Science and Charity, 1897 by Pablo Picasso
Picasso painted Science and Charity at age 16. The painting is considerably larger (almost two by two and a half meters) and equally stilted. With whatever its shortcomings it was thought sufficiently impressive to deserve an honorable mention when shown at the Exposicion General de Bellas Artes in Madrid in the spring of 1897, and a gold medal in provincial Malaga shortly afterwards. Equipped with a portentous allegorical title invented by Picasso's father Don Jose, who suggested the subject and posed for the doctor, it went one better than First Communion in supplementing a pious motif with the irresistible pathos of a full-dress deathbed scene. Deathbed scenes - especially scenes of expiring mothers - were popular all over Europe in the late nineteenth century and several pictures by contemporary Spanish artists have been suggested as sources for Science and Charity. But it is also likely that Picasso - or Don Jose - had seen a reproduction of Luke Fildes's The Doctor, a theatrically conceived, moralistic composition which enjoyed phenomenal celebrity when it was shown at the Royal Academy in London in 1891.

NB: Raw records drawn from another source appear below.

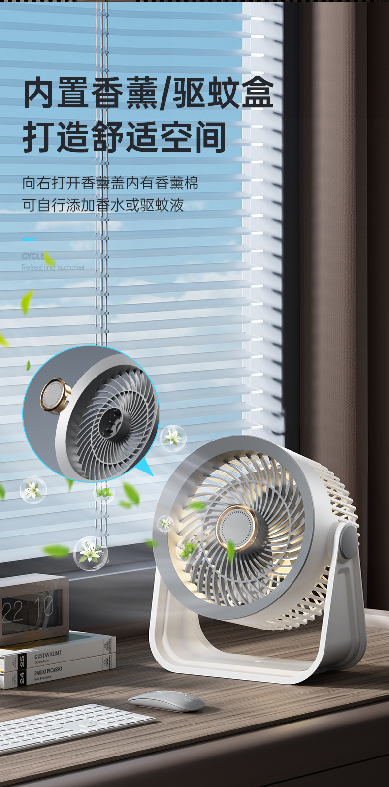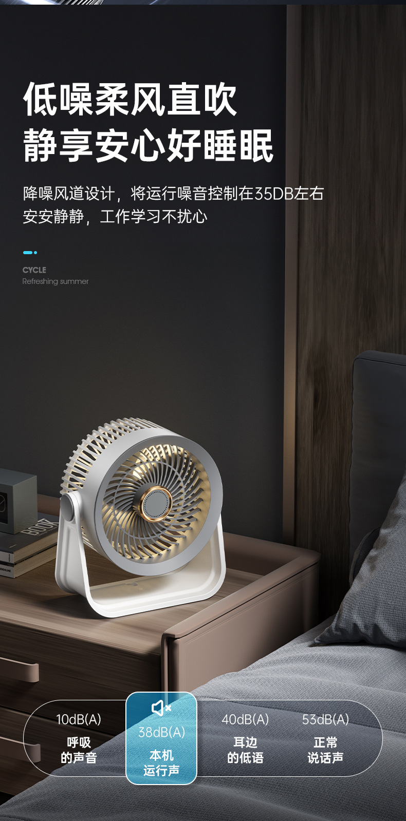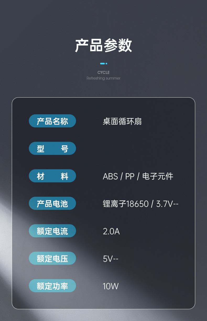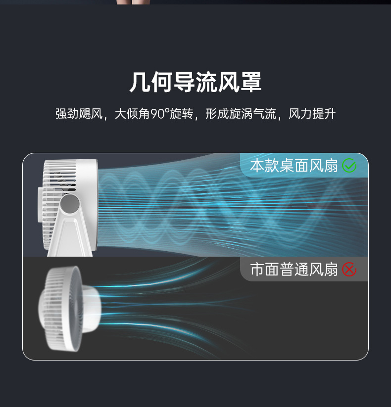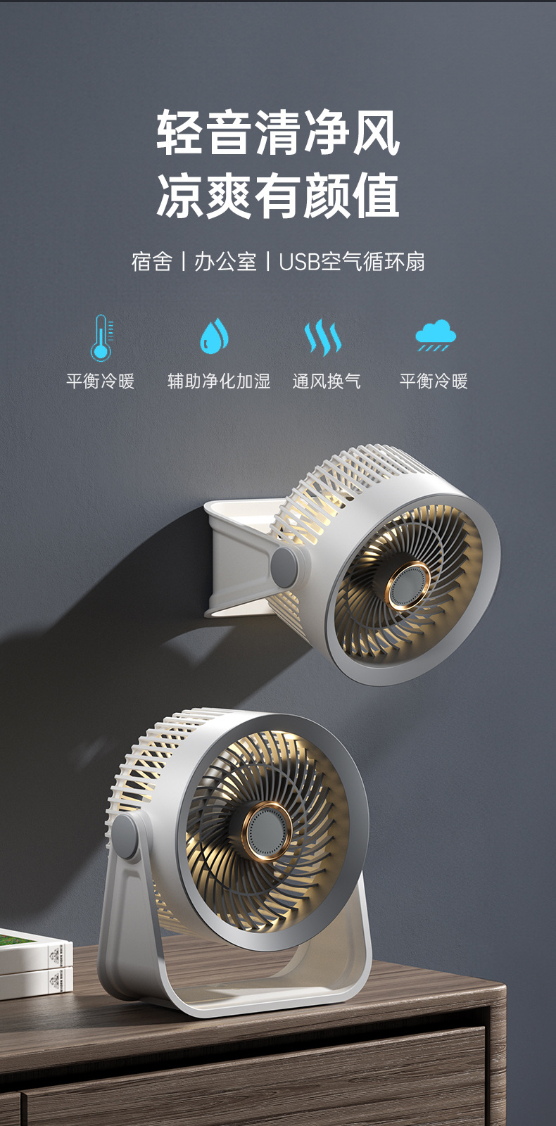 新款桌面小风扇循环扇夜灯风扇长续航台式大风力家用风扇usb充电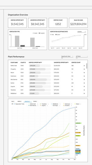 The wireframes plan out the full layout of the main organization level dashboard. The page is broken down into two (2) main sections, Organization Overview and Plant Performance.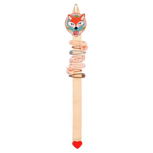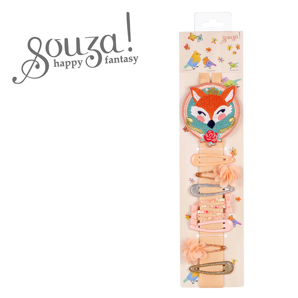 Komplet ośmiu spinek do włosów z wieszaczkiem z aplikacją liska Resi holenderskiej marki Souza! Spinki – każda inna – są w odcieniach różu, brzoskwini, złota i brązu, dwie z nich ozdobione są tiulowymi kwiatkami, a inne dwie – kokardkami. Zaciski na klik sprawiają, że ozdoby stabilnie trzymają się włosów. W zestawie znajduje się tasiemka z haczykiem do zawieszenia przy toaletce, w łazience czy dziecięcym pokoju, która ułatwi zachowanie porządku. Komplet jest idealny zarówno na przyjęcia, jak i na co dzień. Nadaje się także na prezent.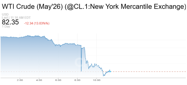 受上述消息影响,美国5月交割的WTI原油期货下跌超14%,至81.22美元/桶低点;国际基准布伦特原油6月合约大跌约13%,至86.37美元/桶。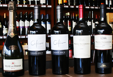Neste primeiro evento organizado pela sommelière foram escolhidos cinco rótulos, um espumante francês, dois vinhos chilenos e dois argentinos.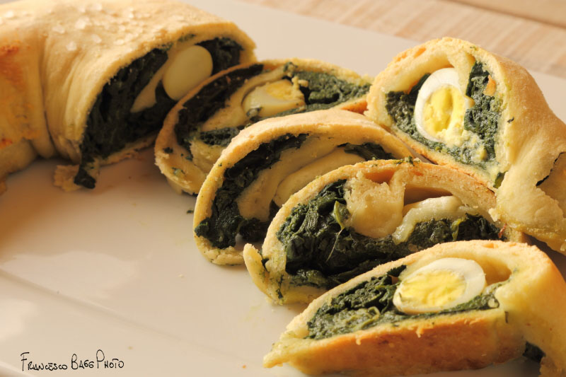 Salate leggermente e arrotolate tutto chiudendo la pasta ai lati e disponendola a mò di ciambella. Oleate la superficie e cospargete di sale grosso.

The photo-engraving published by Thomas Agnew and Sons in August 1892 sold in enormous quantities at home and abroad and was often to be seen displayed in doctors' waiting-rooms. By a curious coincidence, Don Jose, who was nicknamed 'the Englishman' because of his height and looks, resembled the doctor in Fildes's painting, so father and son may have felt a special attraction to it. Whatever its source, Science and Charity, like First Communion, is a late nineteenth-century anecdotal genre painting through and through, not a painting in the mode of seventeenth-century Spanish realism and not an exercise in neoclassicism.
Again, Picasso reveals his instinct for the 'right' style.